* [Exercise details]:
Images are not part of the copy; transcribe all the data exactly.

*** Provided data ***

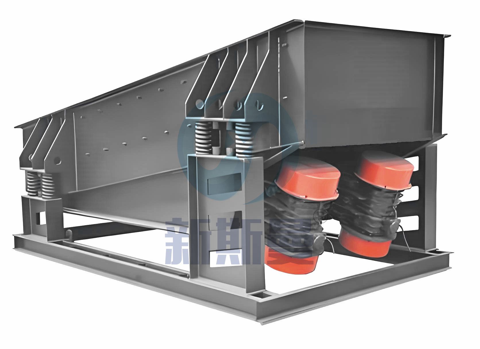 電磁振動給料機是一個較為完整的雙質點定向振動的彈性系統,整個系統工作在低臨界共振狀態,主要利用電磁激振器驅動槽體以一定的傾角做往復振動,使物料沿槽移動。物料置于由主振彈簧支撐的供料槽體上,銜鐵與槽體的主振彈簧連成一體,線圈纏繞在鐵芯上。由于線圈中流過的是經過半波整流后的單向脈動電流,因此,電磁鐵就產生了相應的脈沖電磁力。在交流電的正半周,脈動電流流過線圈,在鐵芯和銜鐵之間產生一脈動電磁吸力,使槽體向后運動,激振器的主彈簧發生變形,儲存勢能;在負半周期內,線圈中無電流通過,電磁力消失,銜鐵在彈簧力的作用下與電磁鐵分開,使料槽向前運動,這樣料槽就以交流電源的頻率,連續地進行往復振動。
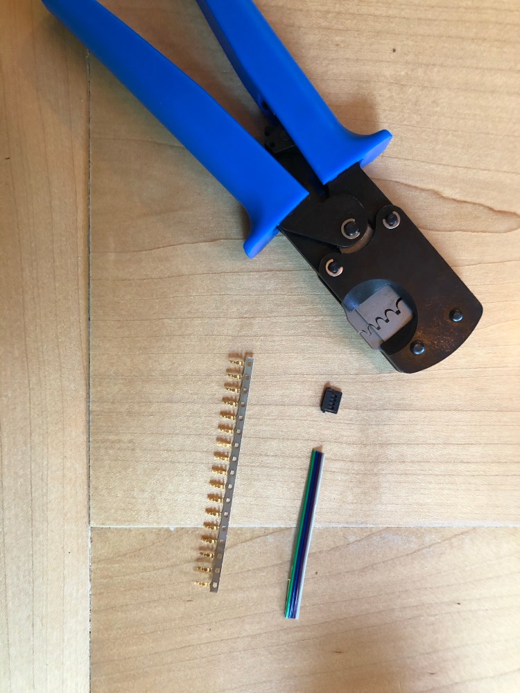 These modules use a very small connector for the signal and power cables. A Molex 5040510401 is the male side of the connection. There are also crimp connectors that are required to crimp to the wires. These also require a special tool for crimping. Molex asks about $450 for the tool. Amazon has third party ones for about $40. After going through all this work or finding the connectors, the crimp connectors, the crimpers, ribbon cable, and making these cables I found made pre-made assemblies. I wish i had seen these earlier. It would have saved an hour or two and been more reliable. It’s kind of like crimping CAT6 cables. You could do it but it won’t be near as good, probably wont be to spec, and will more than likely break. Oh well. Done now.
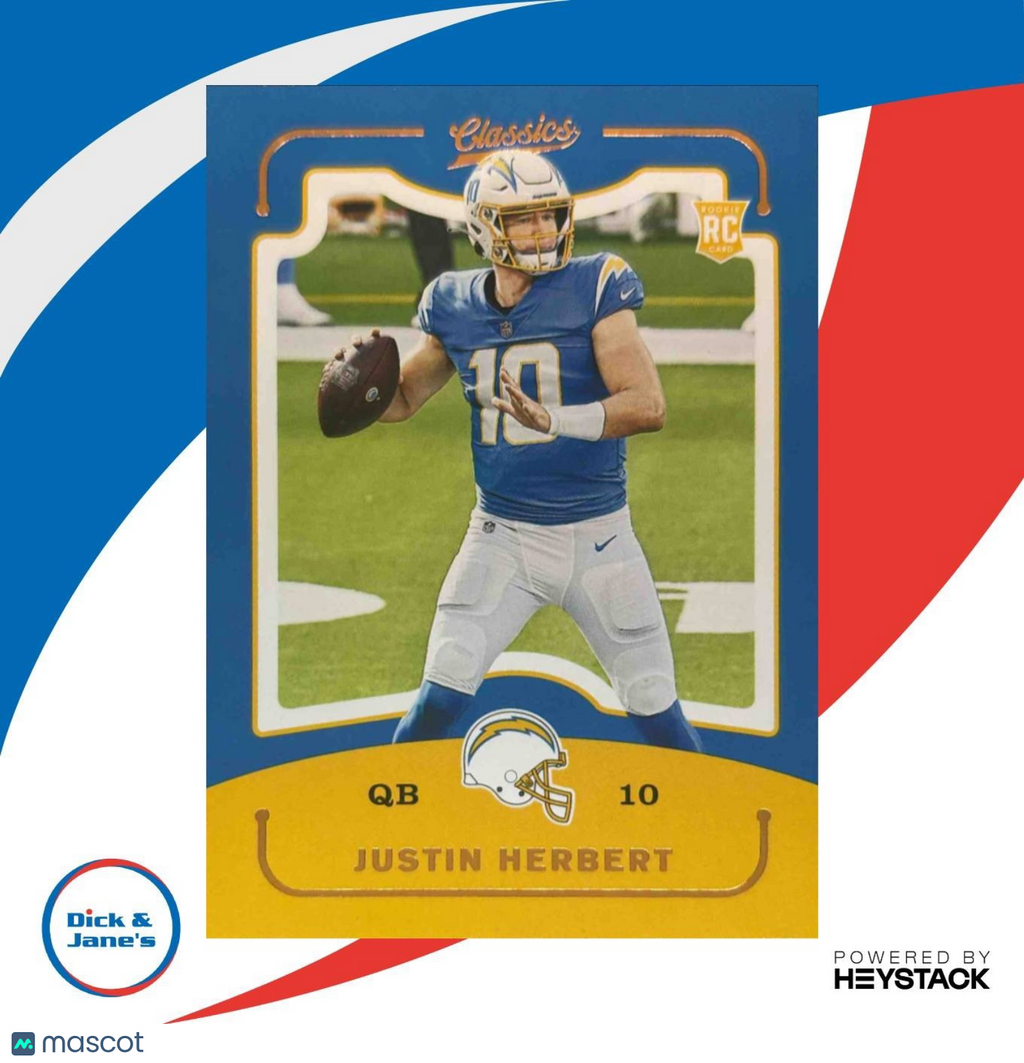 Add the impressive 2020 Panini Chronicles Justin Herbert Classics #CL-3 RC Los Angeles Chargers NFL trading card to your collection! This rookie card showcases the rising star quarterback in action, perfect for fans and collectors alike. Don't miss out on owning a piece of NFL history! Listed With Mascot.
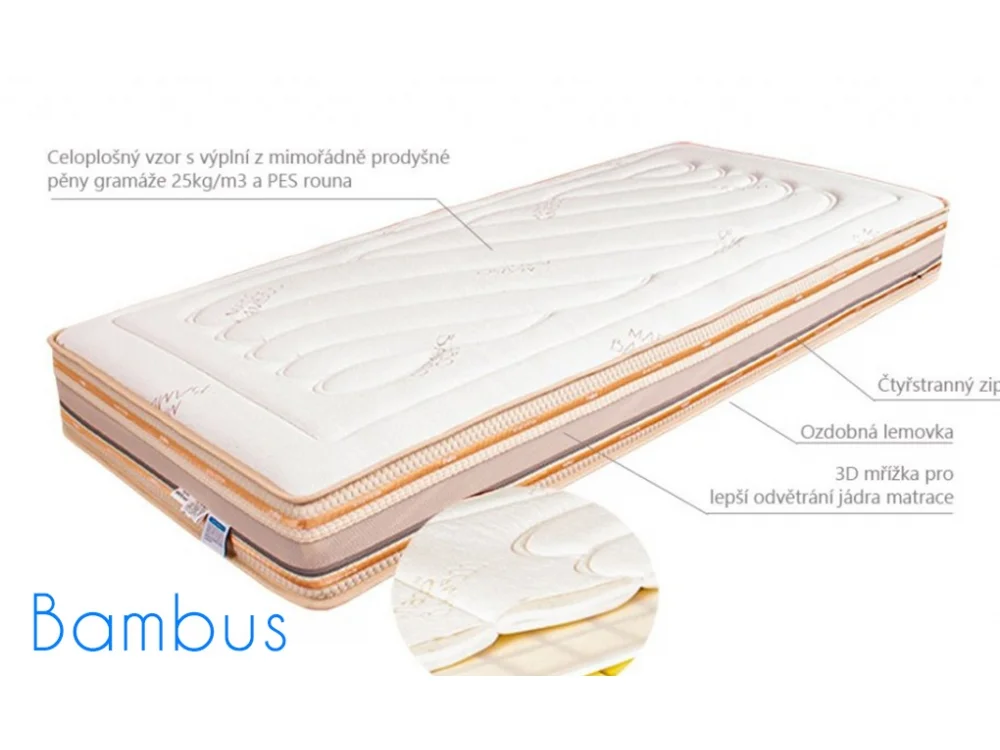 Potah BAMBUS - vrchní látka s bambusovým vláknem, jež je extrahováno přímo z bambusového stébla dodává potahu příjemnou měkkost a zároveň i vyšší pevnost. Bambusové vlákno dokáže ve větší míře přijímat vlhkost a následně při změně podmínek uvolňovat do ovzduší. Bambus vytváří také účinnou bariéru proti bakteriím.
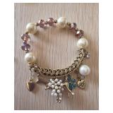 Gold-Tone Bracelets with Gemstone and Pearl Accent |
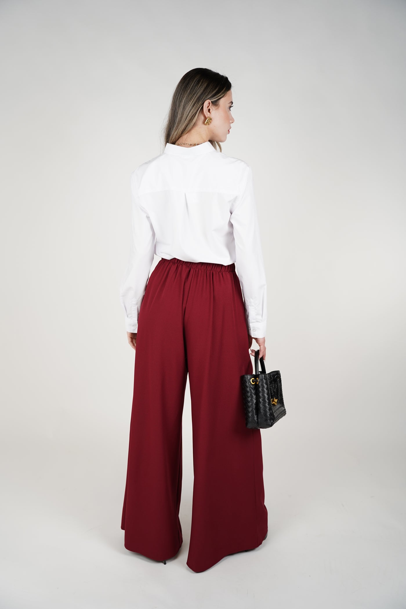 Shop the Luven Wide Leg Pants – elegant burgundy high-waisted trousers with pleats and flowy wide-leg design. Timeless and versatile from Carema Boutique.
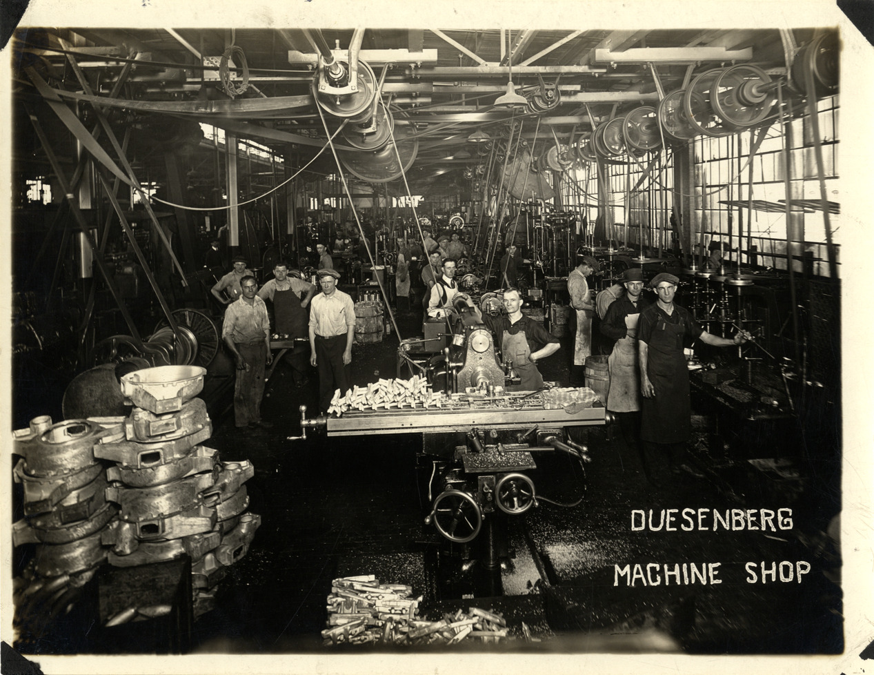 Favorite this☆ Machine shop, Duesenberg Motor Company factory Description: View of workers posing in the machine shop at the Duesenberg Motor Company factory. Printed on front: "Duesenberg. Machine shop." Handwritten on back: "Factories--Duesenberg." Details Resource ID: na034459 Subject: Machine shops Automobile industry workers Machinery Automobile factories Duesenberg Motor Company Photographic prints Date Issued: Unknown year Format: 1 photographic print ; 6.5 x 8.5 in. Member of: National Automotive History Collection Filing Location: MS36/Ricker, Chester S., Factories--Duesenberg Negative Number: 2218 F-2 Rights: Physical rights are retained by DPL. Copyright is retained in accordance with U.S. copyright laws.

***

* [Answer box]:
 電磁振動給料機是一個較為完整的雙質點定向振動的彈性系統,整個系統工作在低臨界共振狀態,主要利用電磁激振器驅動槽體以一定的傾角做往復振動,使物料沿槽移動。物料置于由主振彈簧支撐的供料槽體上,銜鐵與槽體的主振彈簧連成一體,線圈纏繞在鐵芯上。由于線圈中流過的是經過半波整流后的單向脈動電流,因此,電磁鐵就產生了相應的脈沖電磁力。在交流電的正半周,脈動電流流過線圈,在鐵芯和銜鐵之間產生一脈動電磁吸力,使槽體向后運動,激振器的主彈簧發生變形,儲存勢能;在負半周期內,線圈中無電流通過,電磁力消失,銜鐵在彈簧力的作用下與電磁鐵分開,使料槽向前運動,這樣料槽就以交流電源的頻率,連續地進行往復振動。
 These modules use a very small connector for the signal and power cables. A Molex 5040510401 is the male side of the connection. There are also crimp connectors that are required to crimp to the wires. These also require a special tool for crimping. Molex asks about $450 for the tool. Amazon has third party ones for about $40. After going through all this work or finding the connectors, the crimp connectors, the crimpers, ribbon cable, and making these cables I found made pre-made assemblies. I wish i had seen these earlier. It would have saved an hour or two and been more reliable. It’s kind of like crimping CAT6 cables. You could do it but it won’t be near as good, probably wont be to spec, and will more than likely break. Oh well. Done now.
 Add the impressive 2020 Panini Chronicles Justin Herbert Classics #CL-3 RC Los Angeles Chargers NFL trading card to your collection! This rookie card showcases the rising star quarterback in action, perfect for fans and collectors alike. Don't miss out on owning a piece of NFL history! Listed With Mascot.
 Potah BAMBUS - vrchní látka s bambusovým vláknem, jež je extrahováno přímo z bambusového stébla dodává potahu příjemnou měkkost a zároveň i vyšší pevnost. Bambusové vlákno dokáže ve větší míře přijímat vlhkost a následně při změně podmínek uvolňovat do ovzduší. Bambus vytváří také účinnou bariéru proti bakteriím.
 Gold-Tone Bracelets with Gemstone and Pearl Accent |
 Shop the Luven Wide Leg Pants – elegant burgundy high-waisted trousers with pleats and flowy wide-leg design. Timeless and versatile from Carema Boutique.
 Favorite this☆ Machine shop, Duesenberg Motor Company factory Description: View of workers posing in the machine shop at the Duesenberg Motor Company factory. Printed on front: "Duesenberg. Machine shop." Handwritten on back: "Factories--Duesenberg." Details Resource ID: na034459 Subject: Machine shops Automobile industry workers Machinery Automobile factories Duesenberg Motor Company Photographic prints Date Issued: Unknown year Format: 1 photographic print ; 6.5 x 8.5 in. Member of: National Automotive History Collection Filing Location: MS36/Ricker, Chester S., Factories--Duesenberg Negative Number: 2218 F-2 Rights: Physical rights are retained by DPL. Copyright is retained in accordance with U.S. copyright laws.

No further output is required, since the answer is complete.